**Given material**

■ ■ ■ ■ ■ ■ ■

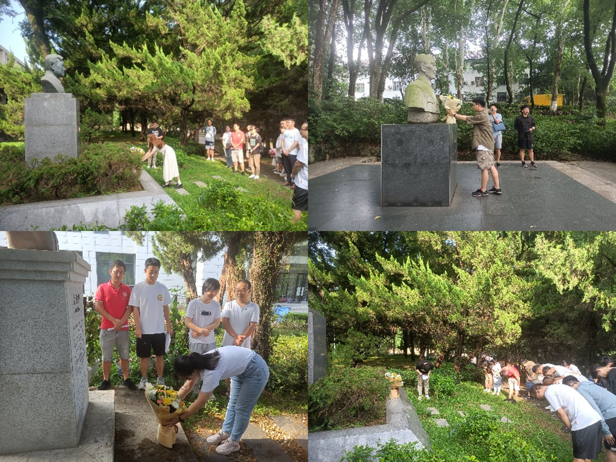 在四位科学前辈的塑像旁,党员代表献上鲜花,全体成员深深鞠躬以表达对先生们的深切怀念和崇高敬意。
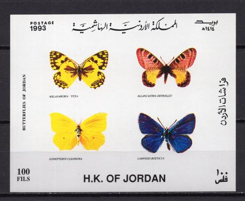 Почтовые марки. Иордания, 1993 г. Бабочки. Бл. 70 (25,0 е)
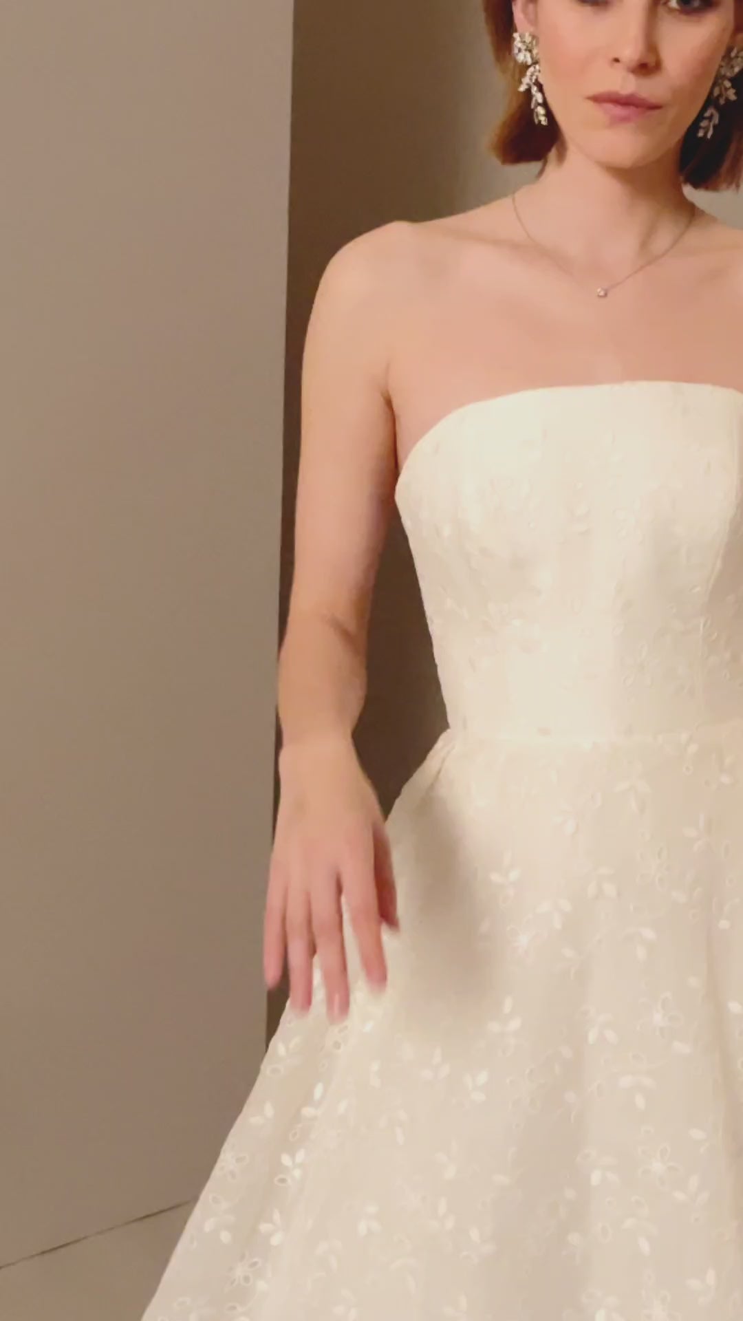 Indulge in the grandeur of ‘Brigitte’. Crafted from sumptuous, embroidered silk organza, ‘Brigitte’ showcases a classic yet modern silhouette, featuring a straight neckline corset that accentuates the bride's natural beauty.
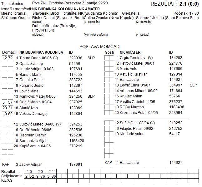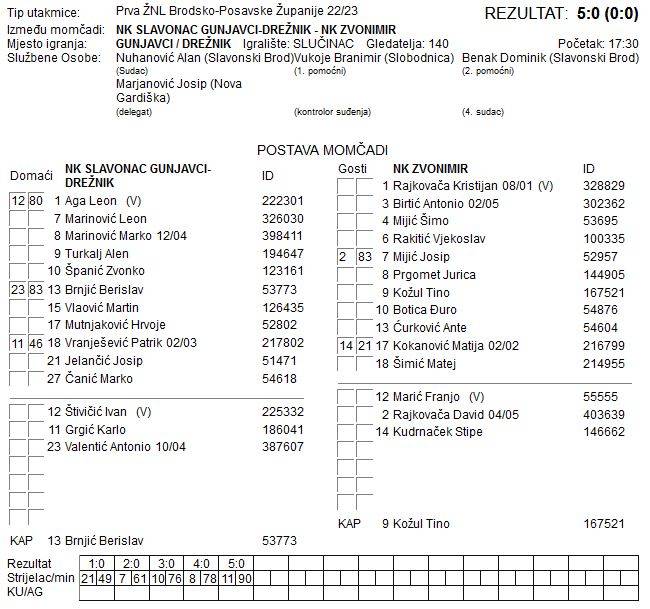 U prvom poluvremenu susreta nije bilo pogodaka, da bi u drugom poluvremenu za domaćine redom zabijeli Josip Jelančić (49′), Leon Marinović (61′),  Zvonko Španić (76′), Marko Marinović (78′) i Karlo Grgić (90′) za konačnih 5:0 za Slavonac,

■ ■ ■ ■ ■ ■ ■

**Required work**
Where the line holding "Indulge in the" appears, start copying, and continue exactly through the last line of the listing, both ends included, skipping the pictures.

**Finished exercise**
 Indulge in the grandeur of ‘Brigitte’. Crafted from sumptuous, embroidered silk organza, ‘Brigitte’ showcases a classic yet modern silhouette, featuring a straight neckline corset that accentuates the bride's natural beauty.
 U prvom poluvremenu susreta nije bilo pogodaka, da bi u drugom poluvremenu za domaćine redom zabijeli Josip Jelančić (49′), Leon Marinović (61′),  Zvonko Španić (76′), Marko Marinović (78′) i Karlo Grgić (90′) za konačnih 5:0 za Slavonac,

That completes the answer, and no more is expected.